Task prompt >> Retype, exactly and with nothing added, the lines from the one showing "Site 954 (Turnagain" through the final line of the material. Omit pictures.
Top of Data excerpt
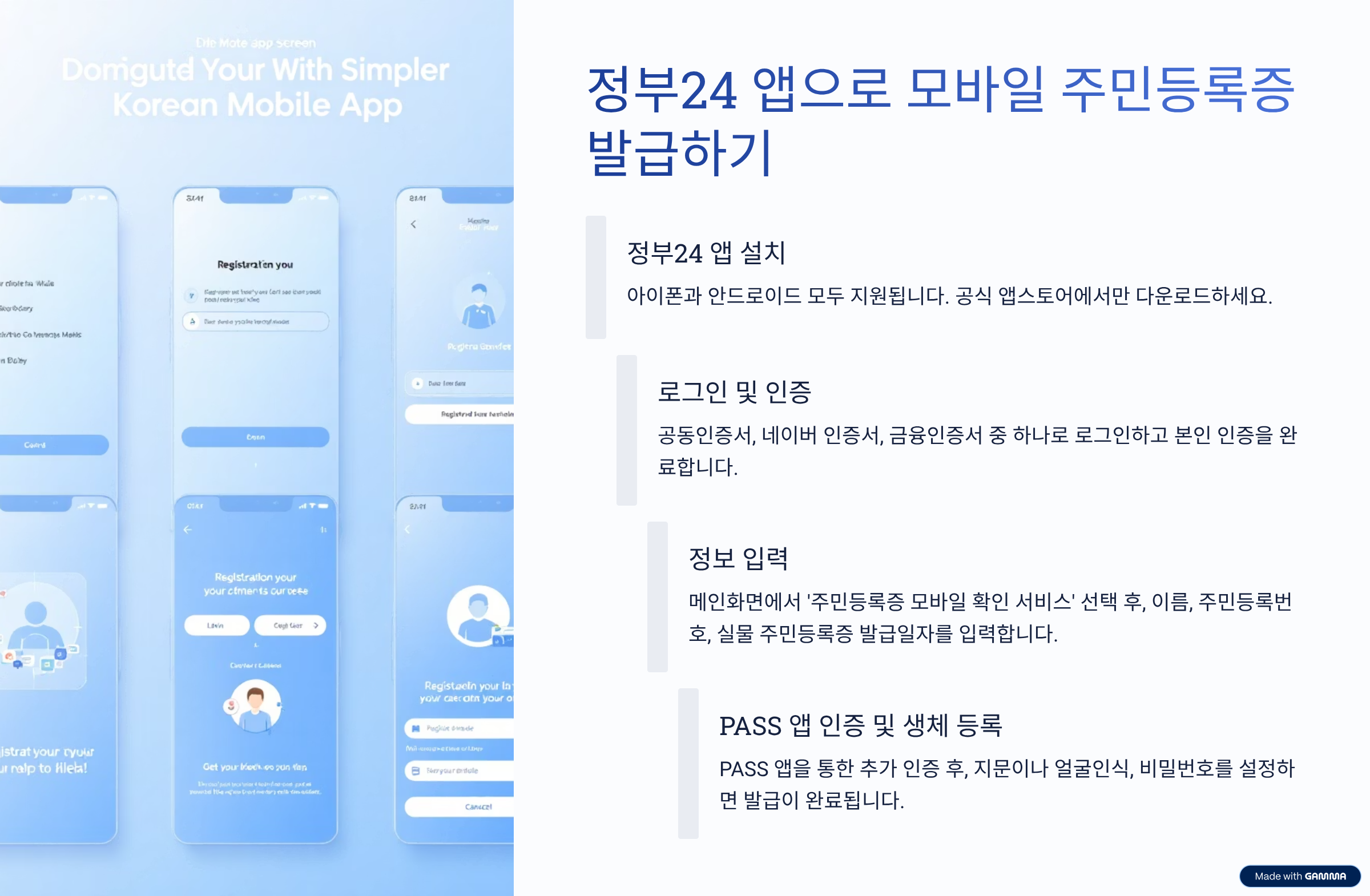 가장 많이 사용되는 방식은 정부24 앱을 통한 모바일 주민등록증 발급이에요.
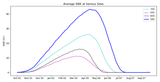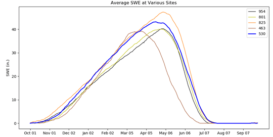 Site 954 (Turnagain Pass in AK), site 801 (Summit Lake in OR), site 825 (Tower in CO), and site 463 (Echo Peak in CA) are all in the 90th percentile of snotels. They all have similar profiles except for Echo Peak in California. Echo Peak hits its peak and melts out much earlier than the others. Summit Lake and Tower hit their peak later than Hoodoo Basin but have lower peaks.
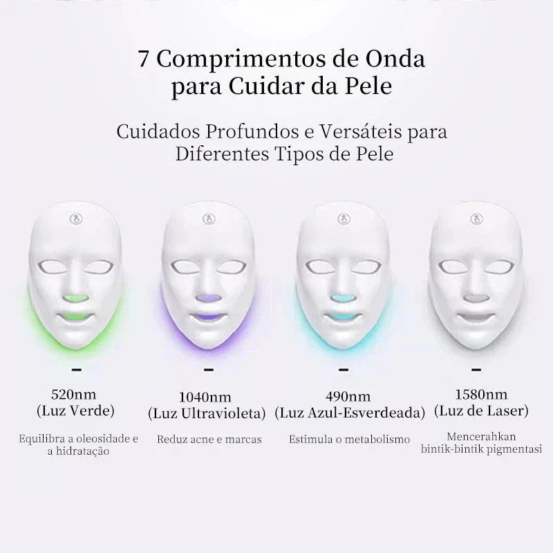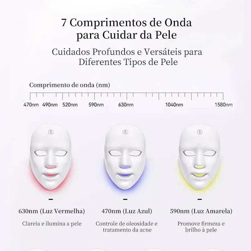 ✅ 7 Cores LED Terapêuticas – Cada cor atua em um problema específico da pele
Bottom of Data excerpt
Response >>
 Site 954 (Turnagain Pass in AK), site 801 (Summit Lake in OR), site 825 (Tower in CO), and site 463 (Echo Peak in CA) are all in the 90th percentile of snotels. They all have similar profiles except for Echo Peak in California. Echo Peak hits its peak and melts out much earlier than the others. Summit Lake and Tower hit their peak later than Hoodoo Basin but have lower peaks.
 ✅ 7 Cores LED Terapêuticas – Cada cor atua em um problema específico da pele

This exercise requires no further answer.